Солнце пряталось, украдкой светило, таясь за мощными стволами. Иногда оно плескало в самую гущу зарослей пригоршню света, смеясь и купаясь в листьях. Смеялся мухомор, обласканный светом. И сколько же их тут было! Мухоморное царство. Одни огромные, важные, с плоскими шляпками, другие юные, яркие, круглые и весёлые! Мухоморы помогают деревьям, сотрудничают с ними. Тонкими нитями-гифами оплетают они корни, образуя микоризу и помогая дереву поглощать питательные вещества; взамен мухоморы получают созданные деревом органические соединения. Кое-где на поваленных стволах видели мы россыпи грибов-шариков, источающих сильный грибной дух, они казались маленькими проворными живыми существами, гуляющими в моховой зелени. Их хотелось тихонько потрогать, погладить пальцами. А вот гриб-свинушка, затаившийся в жёлтых листочках, и не поймёшь сразу, так хорошо гриб прикинулся листком, завернул края шляпки, и получилось ухо-чашечка. Пойдёт дождик и наполнится чашечка свежей водицей. А пока ушко это ловит солнечные блики и чутко вслушивается в тишину…

Там, где свет — прогалина в лесу. Ему радуются совсем юные деревья-дети, молодая поросль. Но над головами переплетаются толстые ветви старых деревьев, как будто живут деревья, взявшись за руки. Зрелые, мощные деревья питают покой реки. Вода, овеваемая тонким воздухом, и высящийся над ней лесной страж создают совершенно необыкновенное состояние. Около каждого такого дерева хочется долго быть, смотреть на мерцающую воду, ощущать покой незаметных потоков воздуха. То лист одинокий пронесёт течением мимо, то с лёгким дуновением воздуха прилетит пуховое семечко, осядет на морщинистую кору. Даже Федя в такой тиши под ветвями присмирел, прижал уши, улёгся клубочком у корней. Глубоко идут корни вниз и там, на глубине, соединяются корни и вода в покое земли. Если опустить ладони на землю, то можно услышать руками, как вибрирует земля, и как дерево внутри вибрирует, наполняется силой. От этой силы всё замирает внутри, и мурашки идут по коже. Под деревом так спокойно. И рядом такие же великаны, они живут на берегу и смотрят. Кто-то большой, рогатый, как олень, и любопытный. Вот огромная берёза, в ней лик старика, старик поднимает руку — пропускает.

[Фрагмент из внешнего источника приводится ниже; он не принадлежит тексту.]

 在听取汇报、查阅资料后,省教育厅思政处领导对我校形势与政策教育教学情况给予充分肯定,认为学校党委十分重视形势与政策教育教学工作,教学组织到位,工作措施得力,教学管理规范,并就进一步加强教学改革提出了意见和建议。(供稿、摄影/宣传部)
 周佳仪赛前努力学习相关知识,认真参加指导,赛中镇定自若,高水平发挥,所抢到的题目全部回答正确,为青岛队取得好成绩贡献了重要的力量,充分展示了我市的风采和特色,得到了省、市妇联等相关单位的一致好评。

Берегом мы опять выходим на большие поляны, поросшие калиной, черёмухой и рябиной. Здесь была война и на окраине одной из полян мы находим старый дот. В заросшее отверстие дота ярко льётся солнечный свет, убивая память о зле и давая простор жизни. Война долго будет ещё уходить с этой земли, но она непременно уйдёт, растворится в истине этих мест.

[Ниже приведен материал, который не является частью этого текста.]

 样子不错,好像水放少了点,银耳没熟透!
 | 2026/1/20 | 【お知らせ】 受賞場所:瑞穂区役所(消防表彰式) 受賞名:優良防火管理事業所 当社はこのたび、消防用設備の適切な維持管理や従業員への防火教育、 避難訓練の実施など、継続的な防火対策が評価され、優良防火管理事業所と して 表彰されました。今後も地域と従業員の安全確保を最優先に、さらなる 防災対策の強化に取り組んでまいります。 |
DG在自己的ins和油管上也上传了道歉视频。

Лесные цветы и плоды октября

В оконце октября, когда гаснет потихоньку пламя ярких листьев, лес дышит опавшим листом, ясным узором ветвей, звёздочками и костерками последних цветов... Орнаменты засыхающих и ещё сочных ягод, увядающих трав и семян, как будто маленькие дирижёры этого спокойного дыхания, этой очаровывающей музыки.

 

 

ВОЛХОВ СВЕТЛЫЙ

Пойма Волхова у 130 км и река Соснинка

 

...Как хорошо, что вопрос, куда же идти, решился сам собой. Под насыпью металась потревоженная электричкой белка. Снежно и просторно впереди светился Волхов. Хотелось идти туда, вдаль, в пойму Волхова, к гребню леса на горизонте.

Летом мне не удастся попасть туда — в царство воды и затопляемых лугов. Зато этот водный мир можно посмотреть сейчас, пока он скован льдом и присыпан снегом. От насыпи есть лыжня, но можно легко двигаться по искрящемуся насту, лыжи хорошо катят. Пойма — удивительное место. Здесь всё по-другому, всё не земное, а водное, приспособленное жить в воде. В небольшом берёзово-ольховом леске у насыпи растёт рогоз, народный «камыш», его коричневые бархатные шишки раскрылись и пушатся, прихваченные инеем. Большая бобровая хата совсем рядышком с железной дорогой, как снежный купол среди ольхи.

Дальше — сама пойма, поросшая травой и кустарником. Сначала она напоминает обычный луг, и только дальше понимаешь, что здесь бóльшую часть года всё живёт в воде... Среди кустов засохшие деревья, нижние части которых обточены водой. На кустах беспорядок пучков принесённой водой травы, веток и растительного мусора.

Здесь так укромно, уютно. Тишина и покой. Свет мартовского солнышка ясен и чист. Среди кустарника поймы кажется, что защищён от всего и находишься в убежище. Множество следов. Кустарник и густой пойменный ольховый лес чуть дальше, ближе к острову, служит защитой зайцам. Часто встречаются их лёжки и «столовые». Кроме заячьих, есть следы лисы и ещё какого-то очень маленького зверька. Иногда вижу, как лиса подходила к тому месту, где лежал ночью заяц и рыла снег на лёжке. Мой путь лежит к острову. Чтобы попасть на этот островок, нужно продираться ольшаником. Лес как лес, и только приглядевшись, видишь, что упавшие деревья добела обточены водой... На островке — огромные осины и берёзы. И... особенная тишина. Я гляжу в кроны деревьев, от полета веток в синеве неба кружится голова. Весёлый Волхов. Он весёлый сейчас, под мартовским солнцем, всё улыбается, всё напоено радостью. Ольховые шишечки как цветы на ярком небе.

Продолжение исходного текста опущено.